- Interactive map of Eastern Shore
- Country: Canada
- Province: Nova Scotia
- Time zone: UTC-4 (AST)
- • Summer (DST): UTC-3 (ADT)
- Area codes: 782, 902

= Eastern Shore (Nova Scotia) =

Region of Nova Scotia

The Eastern Shore is a region of the Canadian province of Nova Scotia. It is the Atlantic coast running northeast from Halifax Harbour to the eastern end of the peninsula at the Strait of Canso.

==History==
Canso, along with Annapolis Royal, Halifax, and Lunenburg, are some of North America's earliest settlements. The Battle at Jeddore (1722) is one of the many historic events to occur along the shore.

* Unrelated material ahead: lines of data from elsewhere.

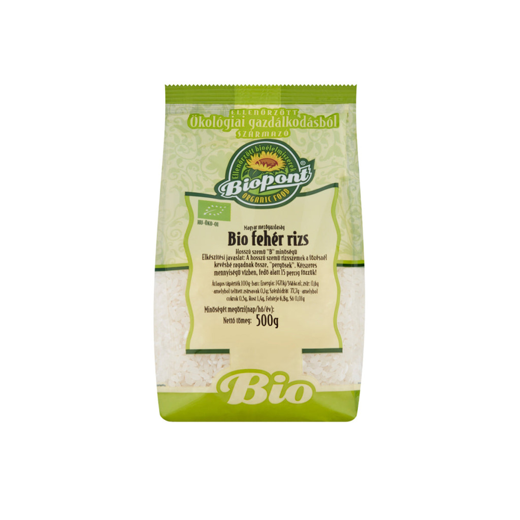 A rizst nyilván Neked sem kell bemutatnunk, hiszen mindenki ismeri ezt az ételt. Te is unod, hogy mindig összetapadnak a rizsszemek? Szeretnéd rizsből is a legjobb bio minőséget adni családodnak? Akkor válaszd a Biopont hosszú szemű fehér rizst! A hosszú szemű rizs a főzés során nem tapad össze, pergős marad, így kiváló köret, vagy rizottó készíthető belőle! Miért érdemes sok rizst fogyasztanod? A rizs nem véletlenül a második legelterjedtebb növényi eredetű ételünk a búza után. A tányérunkra kerülő fehér rizs több lépésen esik át, míg elnyeri ezt a formáját. Több takaróréteg is fedi a belső fehér rizsszemeket, amiket eltávolítanak vagy lekoptatnak. A koptatás során a tápanyagok egy része ugyan elveszik, ez mégsem kártékony művelet. Ezáltal a korpában található zsírmennyiség is távozik, amelynek köszönhetően a fehér rizs hosszabb ideig eltartható, mint barna testvére. A rizsben található szénhidrát nagy százalékban keményítő, ezen kívül nagy mennyiségű fehérjét, B-, E- és K-vitaminokat, valamint ásványi anyagokat és nyomelemeket is tartalmaz. Reggelire, ebédre vagy vacsorára az előételektől a desszertekig számos formában elkészítheted! Te hogyan szereted a legjobban?Összetevők: fehér rizs*, B minőségi osztályúÁtlagos tápérték 100g termékben:Energia: 1471kJ / 346Kcal Zsír: 0,6g Amelyből telített zsírsavak: 0,1g Szénhidrát: 77,7g Amelyből cukrok: 0,5g Rost: 1,4g Fehérje: 6,8g Só: 0,01g
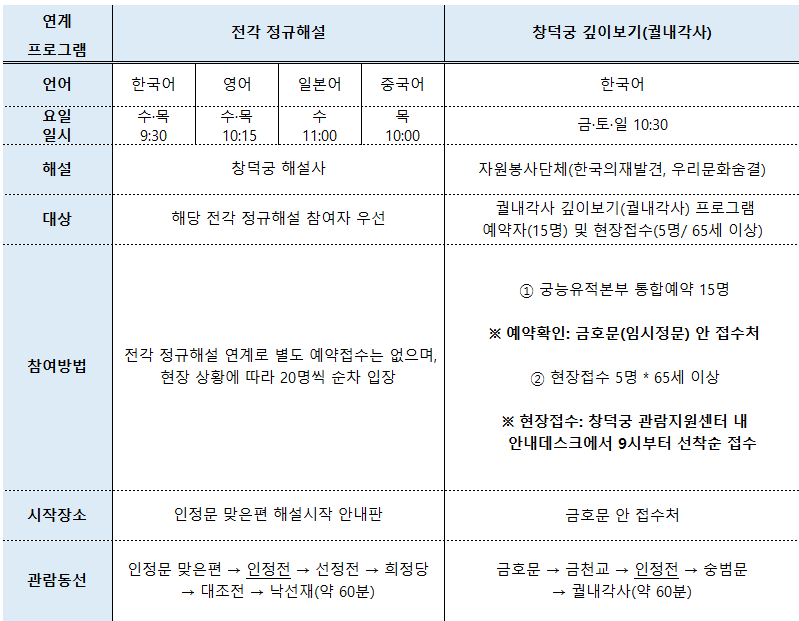 - 금·토·일요일: ‘창덕궁 깊이보기(궐내각사)’ 심화해설 (한국어: 10:30)
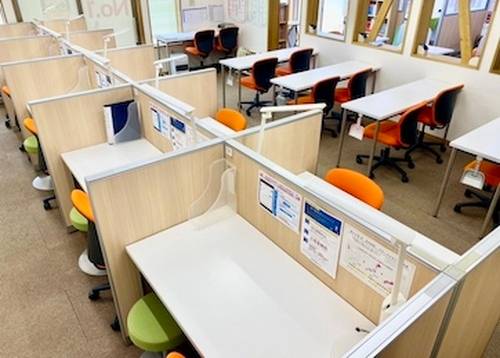 個別指導は集中して受けられるようにブースを区切っていますが、教室長が全体を見渡せるように、パーテーションの高さも配慮しています。

A railway had been proposed during the 1880s to run east from Dartmouth, however the sparse settlement and lack of industrial economic activity saw the railway line swing north up the Musquodoboit River at Musquodoboit Harbour to access the fertile agricultural district of the Musquodoboit Valley. Another railway project was proposed to run between Pictou and the village of Guysborough and on to Canso during the age of sail, when Canso rivalled Halifax as the most important first port of call in Nova Scotia for westbound trans-Atlantic vessels, as Canso was roughly the same distance by rail from the New Brunswick–Nova Scotia border as Halifax. A rail line was eventually graded and bridges constructed between Pictou and Guysborough during the 1930s, however, tracks were never laid and the project was abandoned, leaving most of the Eastern Shore without rail service.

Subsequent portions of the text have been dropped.